I am a creature of habit. I love routine. I can eat the same foods every day for weeks on end without getting tired of them. I have no doubt that one of the comforts of a schedule is my ability to feel in control. So, it comes as no surprise that, as Lil' Bit gets older and begins to establish something of a routine, I began to feel more comfortable as a mom. Phil and I have also done fairly well at making sure we each get some time to ourselves for relaxation or catching up on sleep.
However, I have discovered one giant snag in all of our well-laid plans. Phil's job. See, back when it was just the two of us, although it was inconvenient for him to be called away for church stuff or a fire page, it was no big deal. I had things I go do, people I could visit, naps I could take, etc. It may have crimped our plans on an occasion, or four, but I knew what I was getting into when I married him (with the exception of the fire chaplaincy thing), so I managed to take it all in stride. Now that Lil' Bit is here, I find myself reacting much worse. See, today was supposed to be my day to sleep in. Phil has a busy weekend full of church things, but we had carved out a few hours for me to get some stuff done. All that ended with the 3:00 a.m. phone call. Phil was needed. Did I understand? Yes. Not just because it is Phil's job, but because our parishioners are more than that, they are our friends, and I want to be able to help when my friends hurt. I love that Phil has the ability to be with people and comfort them. It is a gift, and one that is worth sharing.
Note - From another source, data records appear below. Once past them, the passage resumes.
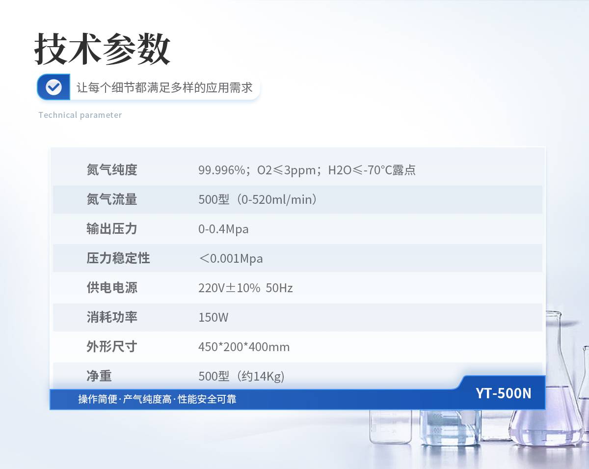 1、氮气纯度: 99.996%;O2≤3ppm;H2O≤-70℃露点 2、氮气流量: 0-320ml/min 3、输出压力: 0-0.4Mpa 4、压力稳定性:<0.001Mpa 5、供电电源: 220V±10% 50Hz 6、消耗功率: 120W 7、外形尺寸: 450*200*400mm 8、净重: 300型(约14Kg)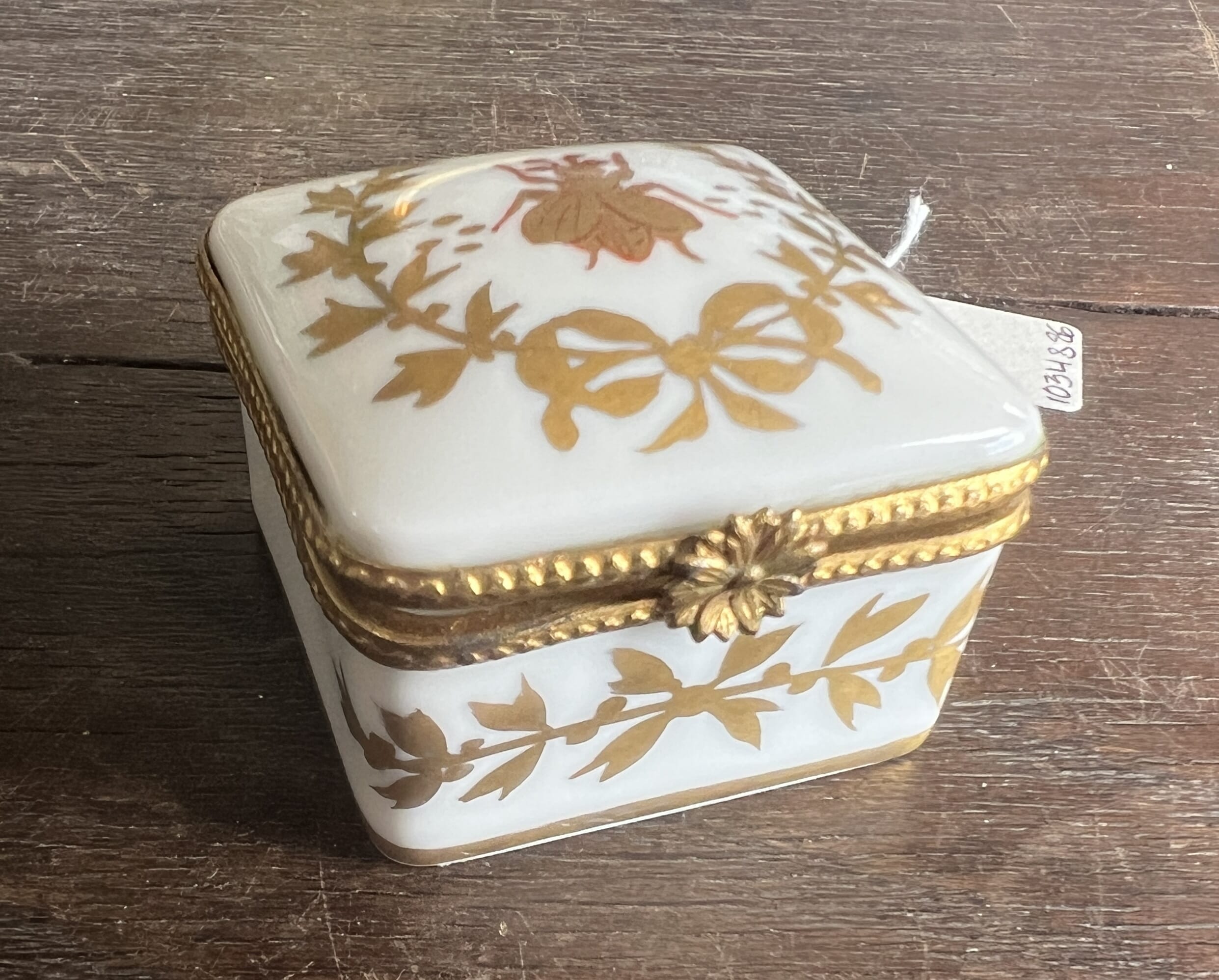 Napoleonic Limoges trinket box with gilt bee decoration , 20th C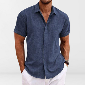 This men's short-sleeved shirt is perfect for summer occasions. The button placket emphasizes its classic style. An uncomplicated top for leisure, travel, or everyday wear.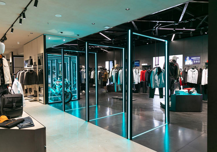 店內(nèi)先鋒產(chǎn)品聚勢集結(jié),在夾克旋轉(zhuǎn)展臺、功能互動展臺結(jié)合呈現(xiàn)。以中國首家

I am, nevertheless, human. I'm going to let you in on a secret. Neither pastors, nor their spouses, are anything close to perfect. They have the same problems and feelings you do. Thus, I get angry and resent that my alone time is gone. I am frustrated that I now have to figure out how to juggle our morning routine by myself. I recognize that this is not the first or last time that this will happen, and it's not as though it's some giant surprise. Phil's job has always been this way. It's just that I find myself wishing, on occasion, that my husband worked a job with "regular" hours. One that didn't involve late meetings multiple days of the week, or being on-call, or always working on weekends, thereby preventing quick weekend getaways. There are many, many days when I feel like a single parent. Coming home after a day at work, picking up Lil' Bit, feeding her, trying to cram down food for myself at the same time, giving her a bath, a little playtime, and getting her to bed, all (hopefully) in time to pump and head to bed myself. It is in these glimpses of single-parenthood that I am grateful that I have a spouse who can and does help me. I just find myself wishing he could help me more. But, things are what they are. We get by. We make do. We adapt. And through it all, I learn that I am a stronger, more capable person that I previously thought. And the truth is, on many other occasions, I wouldn't change Phil's job for anything. I love the community and the support it provides. It is a blessing in so many ways.
But I am human. And no matter how rational I can be about all of this, I will, in all likelihood, still get angry or feel resentful at times. The trick, I think, is to own it for what it is-grief over my lack of control-honor it, and get on with living life the way it actually is. After all, I expect Lil' Bit to roll with the curves I toss into her schedule. Why should I be unwilling to do the same?